Die Räumung der "Pizzeria Anarchia" in der Mühlhausgasse im zweiten Wiener Bezirk hat am Montag für erhebliches Aufsehen gesorgt. Den Eigentümern wurden seitens der Punks Spekulationsabsichten vorgeworfen. Im Wiener Wohnbauressort wollte man auf APA-Anfrage diesen Vorwurf nicht bestätigen. Allerdings: Die Besitzer stünden schon länger unter Beobachtung der Stadt.

"Wir haben schon länger einen Fokus auf die betreffenden Personen", sagt ein Sprecher von Wohnbaustadtrat Michael Ludwig (SPÖ). Bewohner diverser Zinshäuser hätten vor einigen Jahren über Probleme und Repressalien geklagt, um sie gewissermaßen zum Auszug zu zwingen. Dazu gehörten kaputte Fenster, Probleme mit der Energieversorgung - vor allem im Winter -, unvollständig durchgeführte Reparaturen im Haus, plötzliche Mietvertragskündigungen oder auch Drohungen durch Dritte.

Bei näherer Betrachtung der Eigentümerstrukturen sei man immer wieder auf dieselben Namen gestoßen. Konkret geht es um 16 Wohnhäuser etwa im 2., 5. oder 15. Bezirk, darunter auch die "Pizzeria Anarchia" in der Mühlfeldgasse 12. In diversen Fällen sei die Stadt nach Möglichkeit eingeschritten. Folglich habe es in den vergangenen zwölf Monaten kaum noch Auffälligkeiten gegeben. Man hätte die Immobilien aber weiter im Auge und stehe in intensivem Kontakt mit den Bewohnern.

"Spekulation per se nicht illegal"

Was die Ansiedlung der Aktivisten im Wohnhaus in der Mühlfeldgasse anbelangt, sei das nicht verboten gewesen, so der Sprecher: "Als Vermieter steht es einem frei, wem ich Wohnraum entgeltlich oder unentgeltlich zur Verfügung stelle - sofern dies im gesetzlichen Rahmen passiert."

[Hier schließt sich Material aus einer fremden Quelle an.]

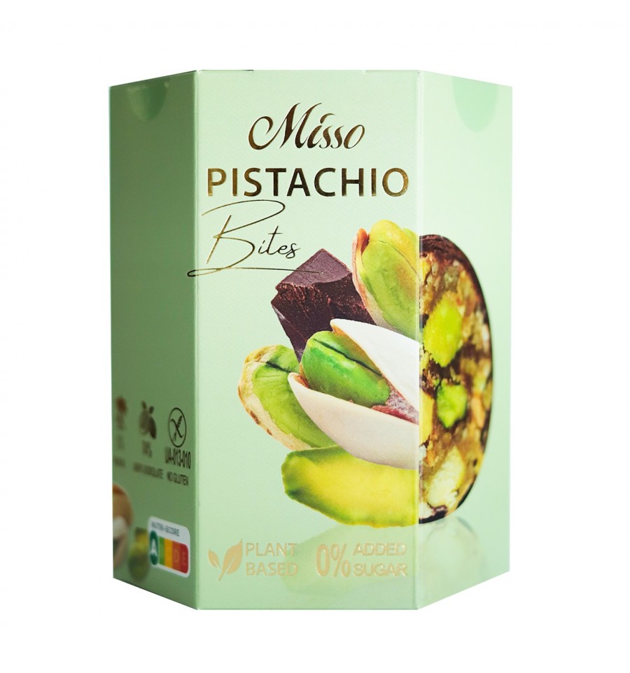 Конфета Misso Фисташкова в шоколаде 180г. Минимальное содержание какао-продуктов в шоколадной массе – 74%. Состав: фисташки (ядро) жареные 45%, сироп цикория 29%, шоколадная масса черная с подсластителем 25% (какао тертое, наполнитель (пищевые волокна), какао-масло, какао – порошок с обезжиренным содержанием жира 10-1 гликозиды), эмульгатор соевый лецитин, ароматизатор ванилин), миндалевая крошка жареная 1%. Аллергены: Орехи и Соя. Энергетическая ценность на 100г продукта: 347 ккал/1452 кДж, жиры – 20 г, насыщенные жиры – 2.5 г, углеводы – 7.4 г, сахара – 3.5 г, белки – 8.7 г, соль – 0,01 г. Срок годности. Хранить при температуре +18°C и относительной влажности воздуха не более 75%. Не подвергать попаданию прямых солнечных лучей. Производитель – ООО "Элитфуд". Адрес производителя: 08130, Киевская обл., Бучанский р-н, с. Петропавловская Борщаговка, ул. Большая кольцевая 4М. Страна: Украина. Масса нетто: 202 г.

Grundsätzlich betonte man im Ludwig-Büro, dass es den Tatbestand der Spekulation so nicht gebe, denn Spekulation per se sei ja nicht illegal und auch nicht automatisch verwerflich - wenn beispielsweise jemand ein leer stehendes Haus erwerbe, herrichte und teuer weiterverkaufe. Auch eine Mieterabsiedlung zu Bedingungen, die für beide Seiten in Ordnung sind, sei erlaubt. "Problematisch wird es, wenn Wohnungsspekulation zulasten Dritter geht - also Druck ausgeübt wird oder Rechte nicht gewahrt werden", betonte der Sprecher.

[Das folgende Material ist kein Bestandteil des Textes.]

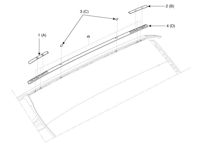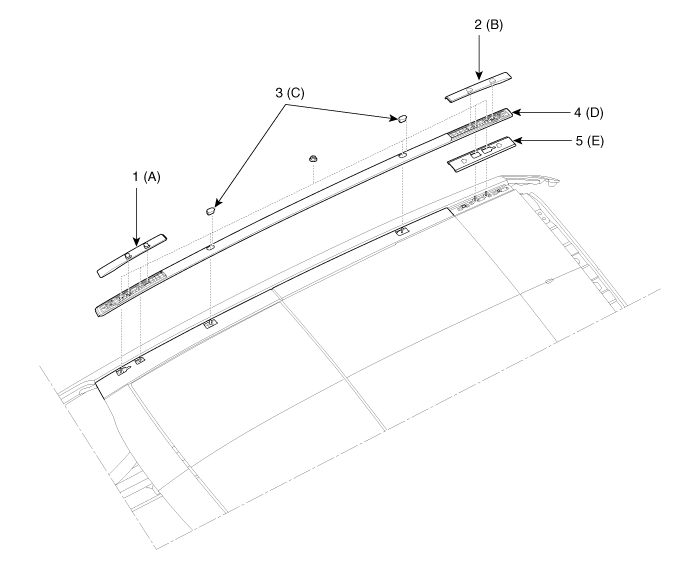 Remove the roof rack front cover (A) and roof rack rear cover (B).

Hier hat die Stadt grundsätzlich zwei Möglichkeiten einzuschreiten. Einerseits unterstütze man Bewohner bei der Durchsetzung des Mietrechts - auch durch die Bereitstellung von Anwälten. Andererseits gibt es die behördliche Schiene. Werden etwa Umbauten oder Reparaturen - aus welchen Gründen auch immer - nicht ordnungsgemäß durchgeführt, schreitet die Baupolizei ein, setzt Fristen und beauftragt bei Nichteinhaltung selbst Firmen, welche die Arbeiten auf Eigentümerkosten durchführen. Ein anderes Beispiel: Bei sogenannten sanitären Übelständen - etwa wochenlangen Mülllagerungen im Innenhof - kommt das Gesundheitsamt zum Zug. Durch derlei rigoroses Vorgehen sollen Spekulationsabsichten eingedämmt werden.

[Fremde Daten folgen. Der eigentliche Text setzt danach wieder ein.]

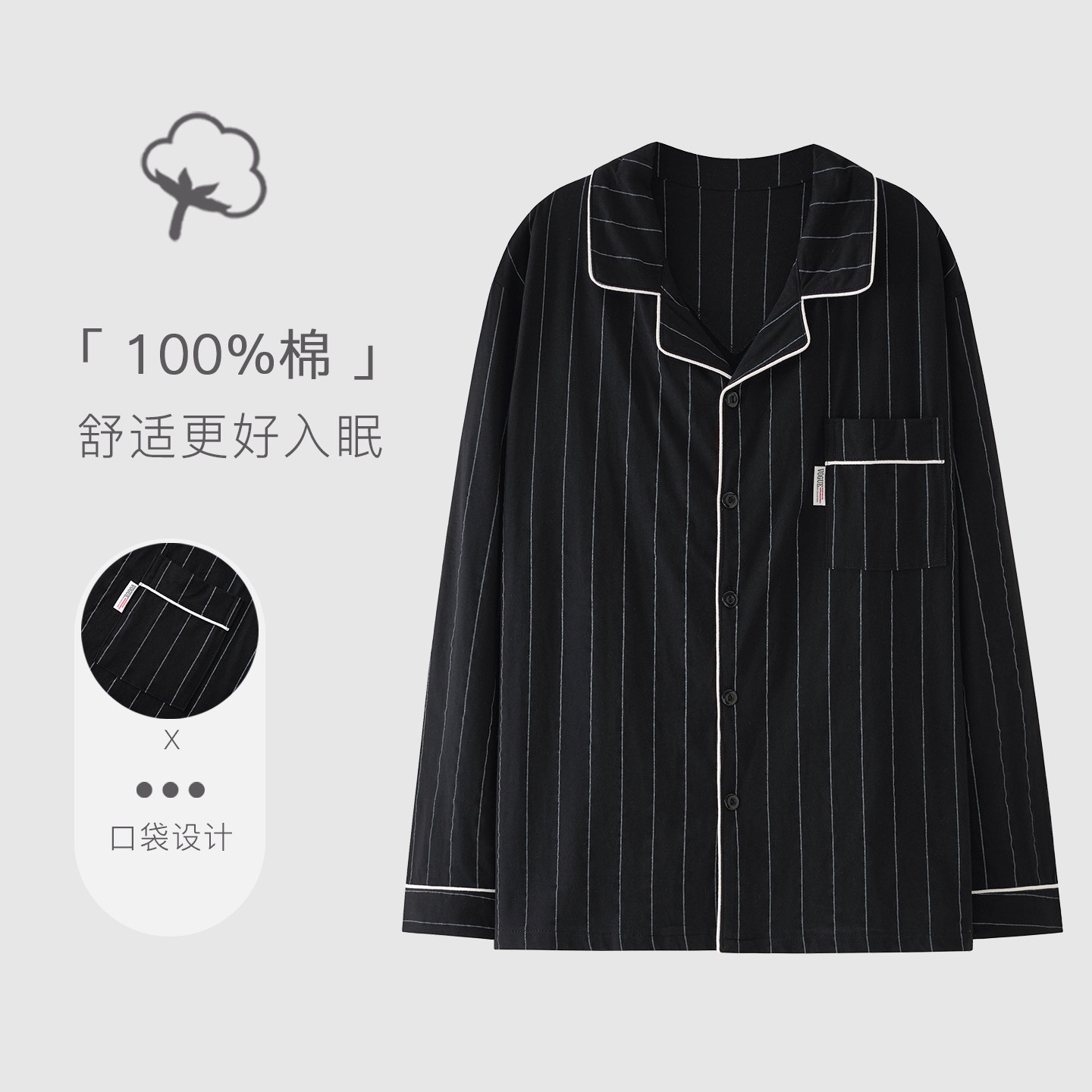 推荐理由:睡衣男款纯棉单件上衣春秋款100%全棉长袖加大码宽松开衫男士t恤

Spekulationen mit Wohnungen rückläufig

Grundsätzlich ist das Spekulationsproblem in Wien inzwischen sehr überschaubar, versichert man im Büro Ludwig. Gab es in den 1990er-Jahren noch mehr als 200 Fälle von Spekulationsverdacht, liege diese Zahl derzeit bei rund 30. Als schwieriger Teilbereich hat sich zuletzt offenbar das Thema Dachbodenausbau bei Eigentumsimmobilien herauskristallisiert. Die Ausbauten würden oft von einer nur dazu gegründeten GmbH schlecht oder mangelhaft ausgeführt. In der Folge auftretende Probleme könnten aber nicht mehr geltend gemacht werden, da die GmbH dann nicht mehr existiere, heißt es. Da die Dachbodenausbauten durch eine Gesetzesnovelle aus dem Vollanwendungsbereich des Mietrechtsgesetzes herausgenommen wurden, seien die behördlichen und rechtlichen Mittel der Stadt hier sehr begrenzt.